Brief
The records below hold a stretch from the line with "Model osadzony jest" through the line with "Olivenorma Malachite And"; return exactly those lines, ends included, and nothing more.

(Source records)
....

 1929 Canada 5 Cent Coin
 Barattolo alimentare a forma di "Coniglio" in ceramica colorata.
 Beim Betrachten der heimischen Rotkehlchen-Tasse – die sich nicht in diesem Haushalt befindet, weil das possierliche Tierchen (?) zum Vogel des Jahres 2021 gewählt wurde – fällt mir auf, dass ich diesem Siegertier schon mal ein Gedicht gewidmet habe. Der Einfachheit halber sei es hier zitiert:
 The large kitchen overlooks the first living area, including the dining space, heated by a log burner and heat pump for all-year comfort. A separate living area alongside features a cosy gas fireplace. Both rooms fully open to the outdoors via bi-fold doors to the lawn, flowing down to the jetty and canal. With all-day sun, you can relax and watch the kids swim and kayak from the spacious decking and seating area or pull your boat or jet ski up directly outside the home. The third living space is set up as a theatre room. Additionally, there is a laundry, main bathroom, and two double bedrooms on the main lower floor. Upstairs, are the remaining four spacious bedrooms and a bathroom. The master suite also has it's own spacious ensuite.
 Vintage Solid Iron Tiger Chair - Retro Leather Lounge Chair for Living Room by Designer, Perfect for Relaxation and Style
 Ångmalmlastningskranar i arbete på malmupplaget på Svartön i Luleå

....

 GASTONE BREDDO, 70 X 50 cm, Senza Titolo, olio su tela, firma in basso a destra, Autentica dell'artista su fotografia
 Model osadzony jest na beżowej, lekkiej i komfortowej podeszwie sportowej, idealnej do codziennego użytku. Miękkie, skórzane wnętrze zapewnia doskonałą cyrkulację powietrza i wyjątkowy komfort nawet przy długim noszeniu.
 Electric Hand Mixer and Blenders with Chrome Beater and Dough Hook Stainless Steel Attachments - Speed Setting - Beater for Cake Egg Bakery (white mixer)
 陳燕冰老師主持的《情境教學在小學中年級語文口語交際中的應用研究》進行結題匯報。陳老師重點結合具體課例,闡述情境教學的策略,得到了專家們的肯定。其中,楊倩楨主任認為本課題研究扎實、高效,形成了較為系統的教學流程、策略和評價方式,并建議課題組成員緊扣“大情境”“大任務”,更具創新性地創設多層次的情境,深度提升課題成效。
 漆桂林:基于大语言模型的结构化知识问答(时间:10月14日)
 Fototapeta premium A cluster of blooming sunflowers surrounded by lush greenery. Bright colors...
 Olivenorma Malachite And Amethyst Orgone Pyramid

....

The answer
 Model osadzony jest na beżowej, lekkiej i komfortowej podeszwie sportowej, idealnej do codziennego użytku. Miękkie, skórzane wnętrze zapewnia doskonałą cyrkulację powietrza i wyjątkowy komfort nawet przy długim noszeniu.
 Electric Hand Mixer and Blenders with Chrome Beater and Dough Hook Stainless Steel Attachments - Speed Setting - Beater for Cake Egg Bakery (white mixer)
 陳燕冰老師主持的《情境教學在小學中年級語文口語交際中的應用研究》進行結題匯報。陳老師重點結合具體課例,闡述情境教學的策略,得到了專家們的肯定。其中,楊倩楨主任認為本課題研究扎實、高效,形成了較為系統的教學流程、策略和評價方式,并建議課題組成員緊扣“大情境”“大任務”,更具創新性地創設多層次的情境,深度提升課題成效。
 漆桂林:基于大语言模型的结构化知识问答(时间:10月14日)
 Fototapeta premium A cluster of blooming sunflowers surrounded by lush greenery. Bright colors...
 Olivenorma Malachite And Amethyst Orgone Pyramid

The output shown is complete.